Клодия поспешила его слова перевести на немецкий.
— Ну ладно, ладно, а что вы тут делаете?
— У меня самые серьезные намерения. Я прошу руки мадемуазель Леонтины.
Леонтина постаралась всех заверить, что для беспокойства нет оснований, произошло небольшое недоразумение, только и всего. Находиться в комнате девицы по местным обычаям грехом не почитается, если, конечно, не преступаются пределы дозволенного. Так что пусть господин Молбердье спокойно оденется и уйдет. Он как иностранец, к тому же человек иного вероисповедания, может и не знать, что она еще не приняла первого причастия.
Дяде Августу доводы племянницы показались вполне здравыми. Во всяком случае, раздувать скандал в его намерения не входило.

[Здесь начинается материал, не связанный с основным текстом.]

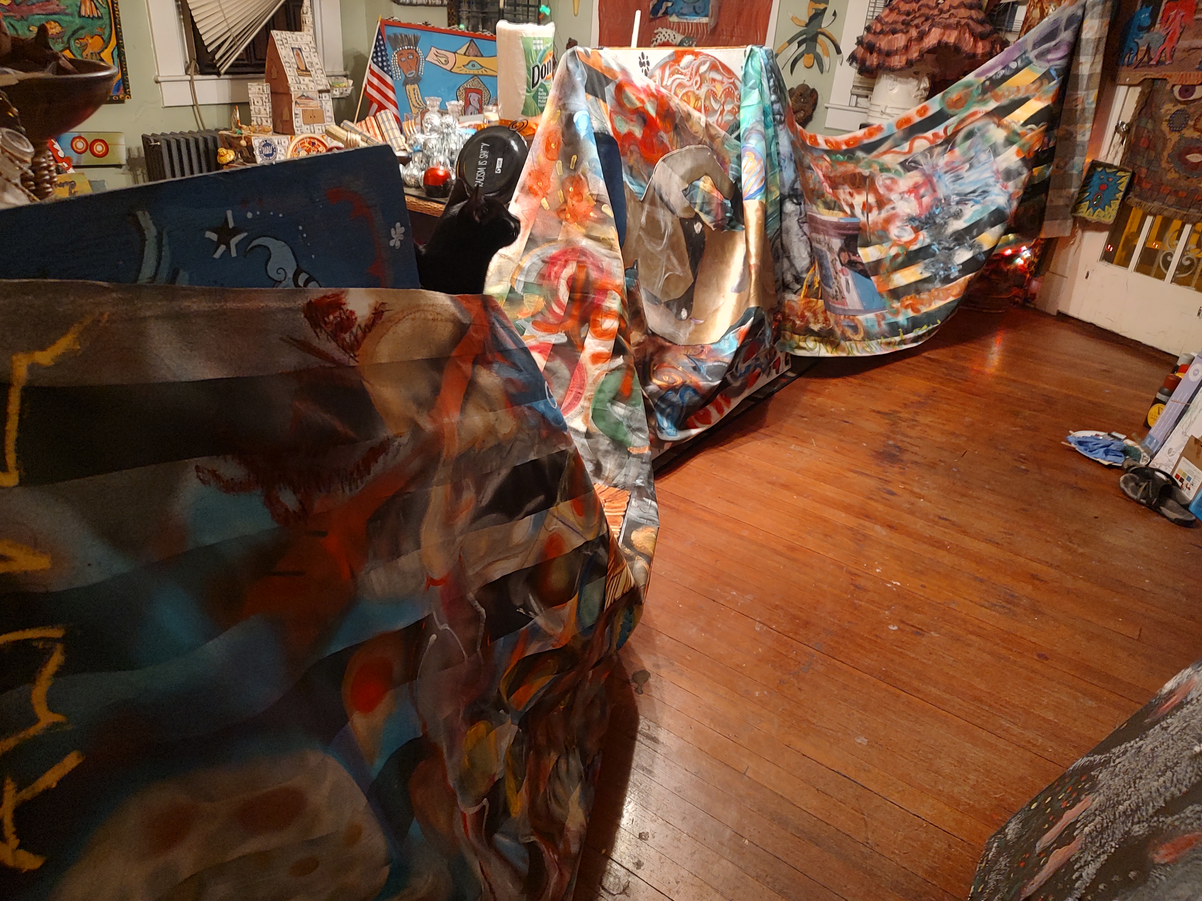 The experimental, outsider work, incorporates the intended (at that time) installation; committing to long panels of cotton duck, with selected preprinted patterns, to be the backdrop of vintage (international Italy world art website); the traumas in collusion with the high bar (my personal 3 select VeryLarge Spirit “keepers” & 6 HATS NXS) set the stage for an overwhelming …studio production 2022-2024-. The media layering would not be considered archival, just as the actual cutting these paintings off the molded stretches and cutting them out as if actual “paper dolls”, ironically the name of an earlier series …what you won’t do for love, passion, my best friend is “ART” since I was three.
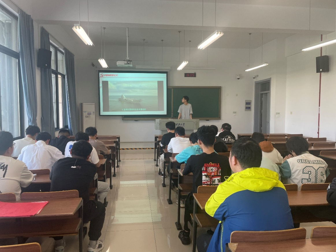 今年是人民海军成立75周年,活动开始,黄子豪、刘嘉奇两位员工党员带领同学们学习了人民海军从弱小走向强大,从木船发展到巨舰艰苦奋斗、向海图强的发展历程。同学们对祖国海军事业的发展有了进一步了解,也深刻感受到了祖国的强大;同时也增强了建设社会主义现代化强国的历史责任感和使命感。

Пылкое желание невесть откуда явившегося мастера картинок посвататься к дочери Элизабеты скорее следовало считать несчастьем, чем счастьем. С другой стороны, и крутой отказ был столь же нежелательным: поднимется шум, пойдут кривотолки, а это повредит Леонтине. Разумней всего представлялось дождаться отплытия яхты. Что ветер принес, ветер и унесет.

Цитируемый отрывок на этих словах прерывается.